Question

what weight of glucose would have to be be added to 1700g of water at 20°C to lower its vapour pressure by 0.001mm of hg. The vapour pressure of pure water is 17mm hg at 20°C.​

Answer 1

Answer: 1 gram

Explanation:

As the relative lowering of vapor pressure is directly proportional to the amount of dissolved solute.
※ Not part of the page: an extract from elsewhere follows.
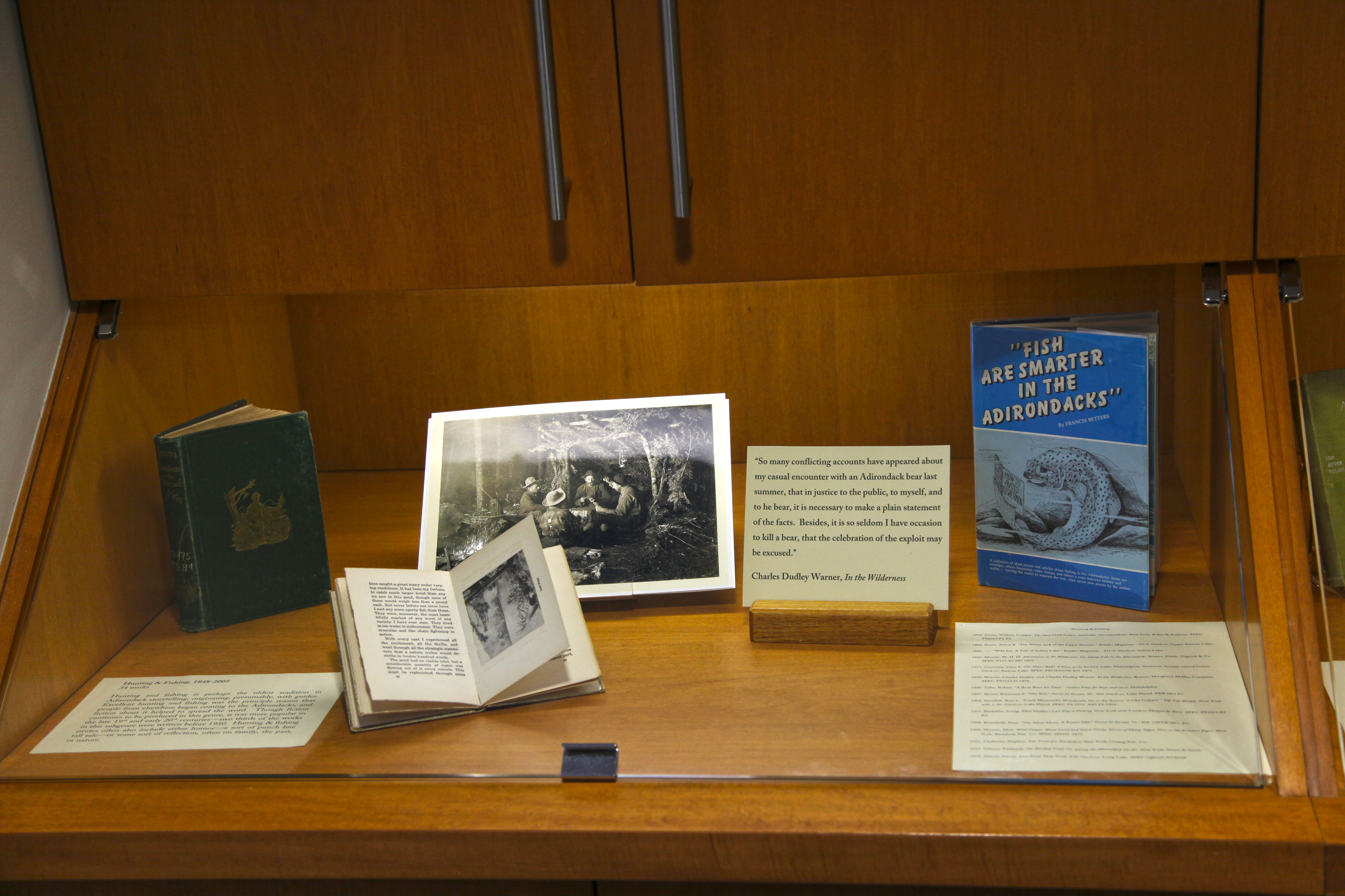 "Adirondack Perceptions: 200+ Years of Fiction Within the Blue Line" an exhibition and bibliography of Adirondack fiction from 1802 – 2014 by St Lawrence University student Fellow Jacqueline Colt ('15) is on display in the Special Collections Reading Room, Owen D. Young Library for the Fall 2014 semester.

The formula for relative lowering of vapor pressure will be,

$\frac{p^o-p_s}{p^o}=\frac{w_2M_1}{w_1M_2}$

where,

$p^o-p_s$ = lowering of vapor pressure = 0.001 mmHg

$p6)$ = vapor pressure of solvent  = 17 mmHg

$w_2$ = mass of solute  (glucose) = x g

$w_1$ = mass of solvent  = 1700 g

$M_1$ = molar mass of solvent (water) = 18 g/mole

$M_2$ = molar mass of solute (glucose) = 180 g/mole

Now put all the given values in this formula ,we get the vapor pressure of the solution.

$\frac{0.001}{17}=\frac{x\times 18}{1700\times 180}$

$x=1g$

Therefore, the weight of glucose that would have to be be added to 1700g of water is 1 gram.